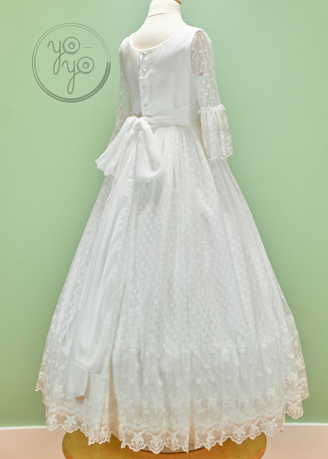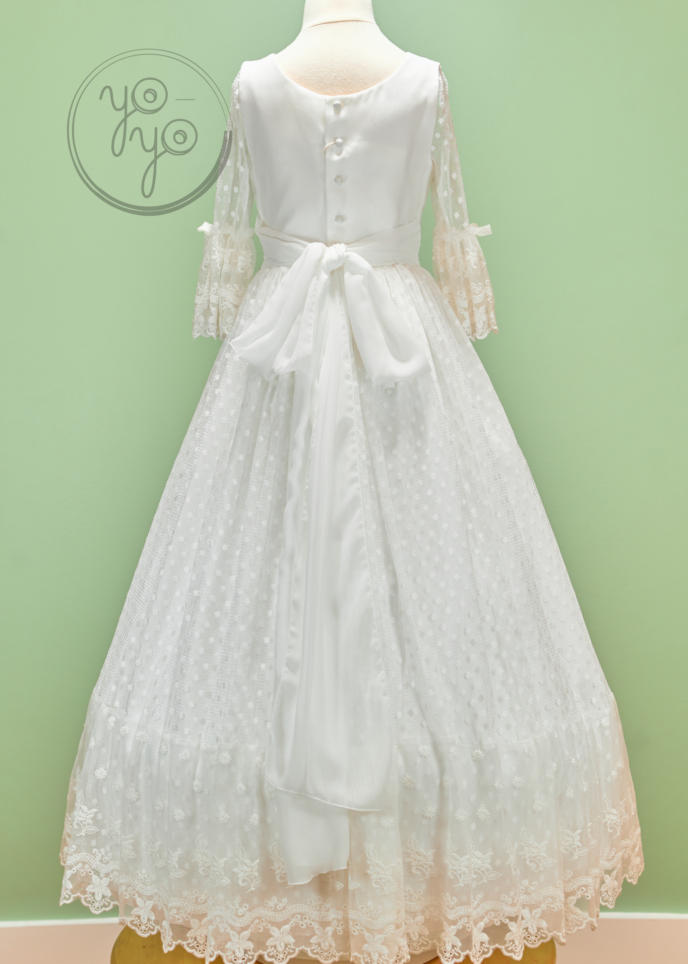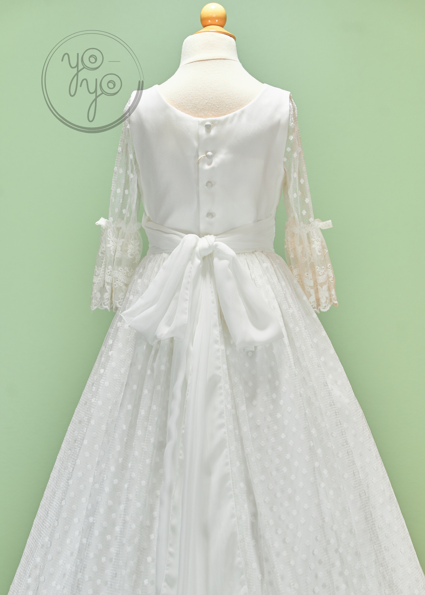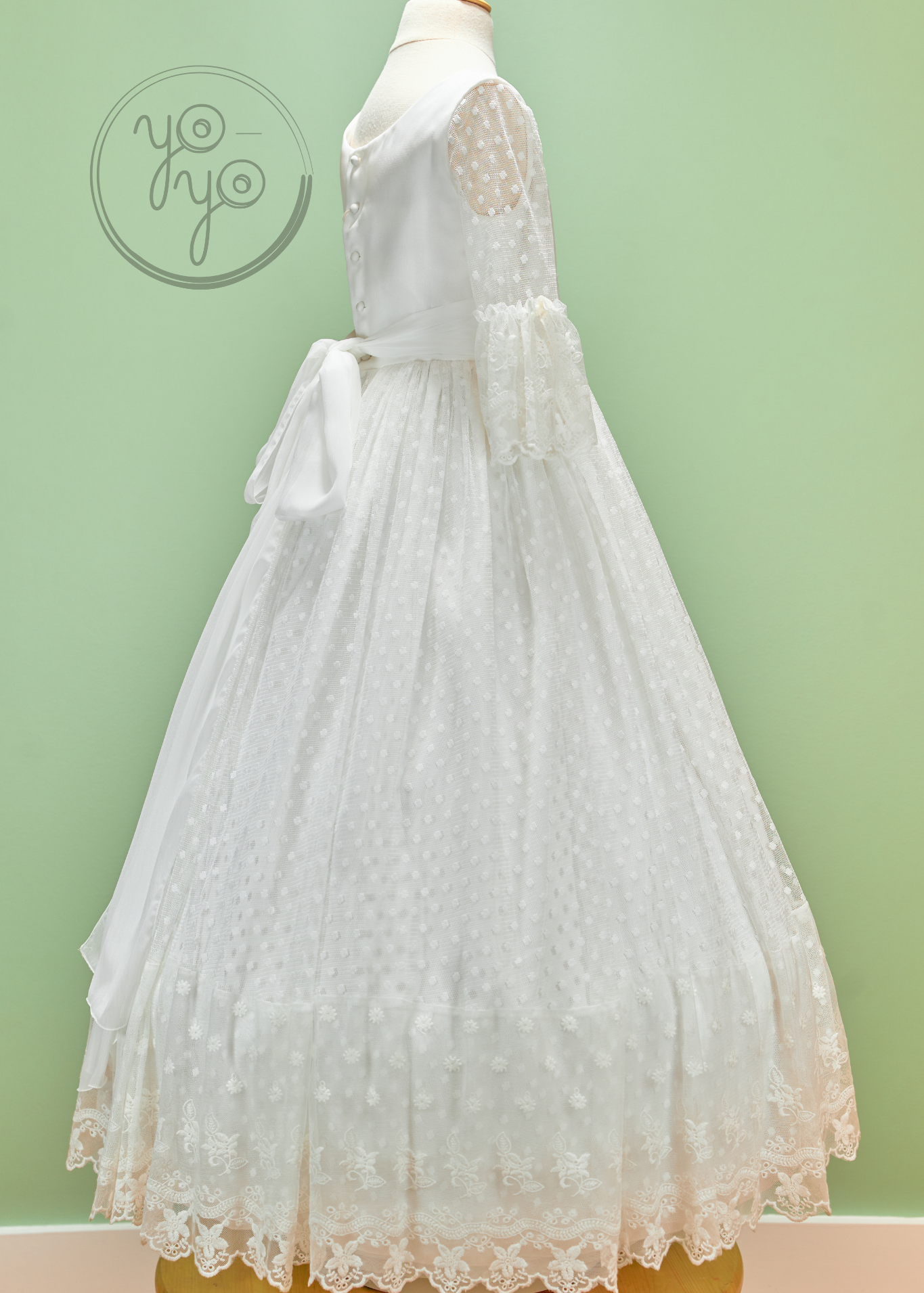 The Cassia First Communion Dress is a stunning boho-inspired gown that blends airy elegance with timeless tradition. Crafted in soft French tulle embroidered with delicate polka dots, this gown is light, flowing, and perfect for a meaningful celebration.
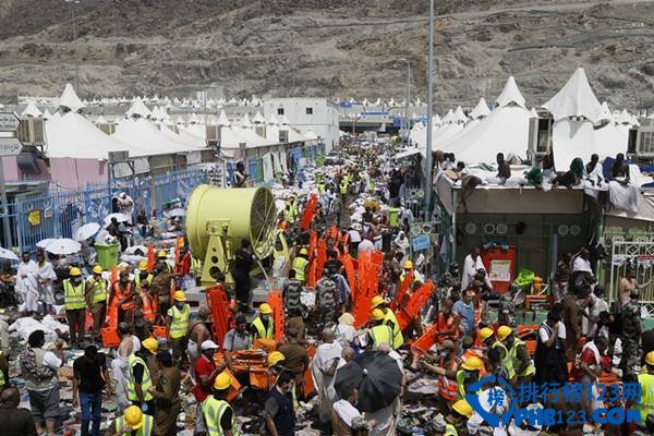 9月24日,距离沙特阿拉伯麦加市中心数公里外的朝觐地米纳发生踩踏事故,造成至少769人死亡,934人受伤。这是近25年来麦加朝觐事故中最严重的一次踩踏事故。图为人们聚集在踩踏事故现场。
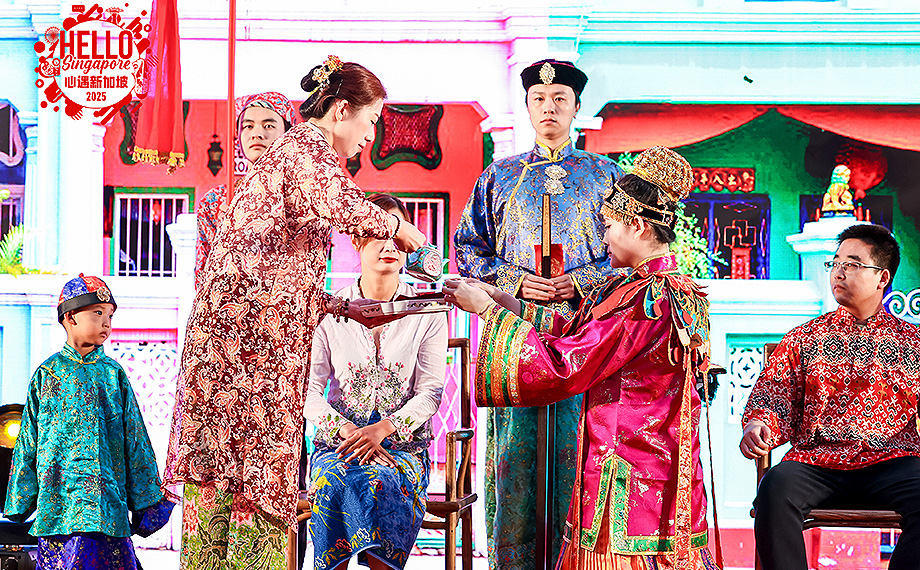 當(dāng)晚,一場別具風(fēng)情的新加坡娘惹傳統(tǒng)婚禮秀將氣氛推向高潮,傳統(tǒng)儀式與現(xiàn)代演繹完美融合,引得觀眾連連稱贊。活動期間還將輪番上演小印度歌舞、馬來歌舞及中國傳統(tǒng)歌舞演出,通過中新文化在舞臺上交流碰撞,讓市民在互動中更深入地感悟新加坡文化魅力。
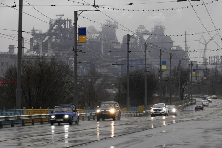 Autá prechádzajúce okolo hutníckeho závodu Mariupol v Mariupole na Ukrajine. Foto: SITA/AP
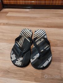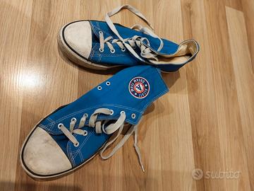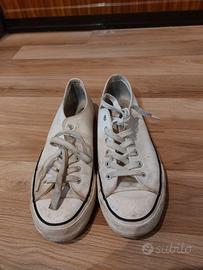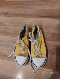 7 paia di scarpe da uomo numero 44/45: 3 paia di converse blu, gialla e bianca perfettamente tenute. Un paio di scarpe da ginnastica bianche, leggermente sporche ma in ottimo stato. Un paio di stivaletti morbidi neri, leggermente rovinate esteriormente in particolare dietro al tallone. Due paia di infradito, una Marvel ed una Billabong. Disegni leggermente consumati ma non rotte

▬▬▬▬▬▬▬▬▬▬

Requirement - Using the records above, print exactly the lines between the ones containing "當(dāng)晚,一場別具風" and "Autá prechádzajúce okolo", inclusive, and nothing else; no pictures.

Answer area -
 當(dāng)晚,一場別具風(fēng)情的新加坡娘惹傳統(tǒng)婚禮秀將氣氛推向高潮,傳統(tǒng)儀式與現(xiàn)代演繹完美融合,引得觀眾連連稱贊。活動期間還將輪番上演小印度歌舞、馬來歌舞及中國傳統(tǒng)歌舞演出,通過中新文化在舞臺上交流碰撞,讓市民在互動中更深入地感悟新加坡文化魅力。
 Autá prechádzajúce okolo hutníckeho závodu Mariupol v Mariupole na Ukrajine. Foto: SITA/AP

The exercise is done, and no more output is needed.